Figure 1 : Touffes ciliaires des cellules ciliées externes, à gauche de souris sauvages (Strc+/+), à droite de souris dépourvues de stéréociline (Strc-/-). La flèche noire indique les liens fibreux apicaux des cellules ciliées externes qui disparaissent en l’absence de stéréociline et la tête de flèche noire, le lien fibreux unique associé à la machinerie de transduction mécano-électrique.
Verpy, E., Weil, D., Leibovici, M. et al. Stereocilin-deficient mice reveal the origin of cochlear waveform distortions. Nature 456, 255–258 (2008). https://doi.org/10.1038/nature07380
MECANISMES FONDAMENTAUX DE L’AUDITION
Dans le but de progresser dans le déchiffrage des complexes et réseaux moléculaires impliqués dans les grandes fonctions des cellules sensorielles auditives, plus spécifiquement la transduction mécano-électrique auditive (et la genèse des distorsions sonores qui l’accompagne), et l’exocytose synaptique du neurotransmetteur (le glutamate), nous mettons en œuvre deux types d’approches complémentaires.
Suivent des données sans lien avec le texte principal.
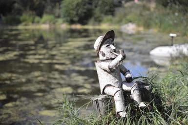 Keywords: little man wood doll water lake pond aquatic plants fishing pond waters reed nature forest lake view bäumchen

La première menée en collaboration avec le laboratoire du Dr.Eric Röttinger de l’Institut de Recherche sur le Cancer (IRCAN), (Inserm U1081-CNRS UMR7284) de Nice, vise à tirer parti de la conservation de certaines de ces fonctions, en particulier celle de la mécanotransduction, chez l’anémone de mer, Nematostella vectensis, un invertébré qui appartient au groupe des cnidaires (figure 2). La seconde menée en collaboration avec le Dr. Elise Pepermans du Centre fo Proteomics de l’Université d’Anvers dirigé par le Prof. Geert Baggerman, se propose de déchiffrer les complexes moléculaires impliqués dans les fonctions sus-mentionnées chez la souris en mettant à profit la spectrométrie de masse (couplée à la mobilité ionique) à très grande résolution (sensibilité théorique attomolaire). Ces deux approches contribueront aussi à l’identification de nouveaux gènes impliqués dans les surdités chez l’homme (voir ci-dessous).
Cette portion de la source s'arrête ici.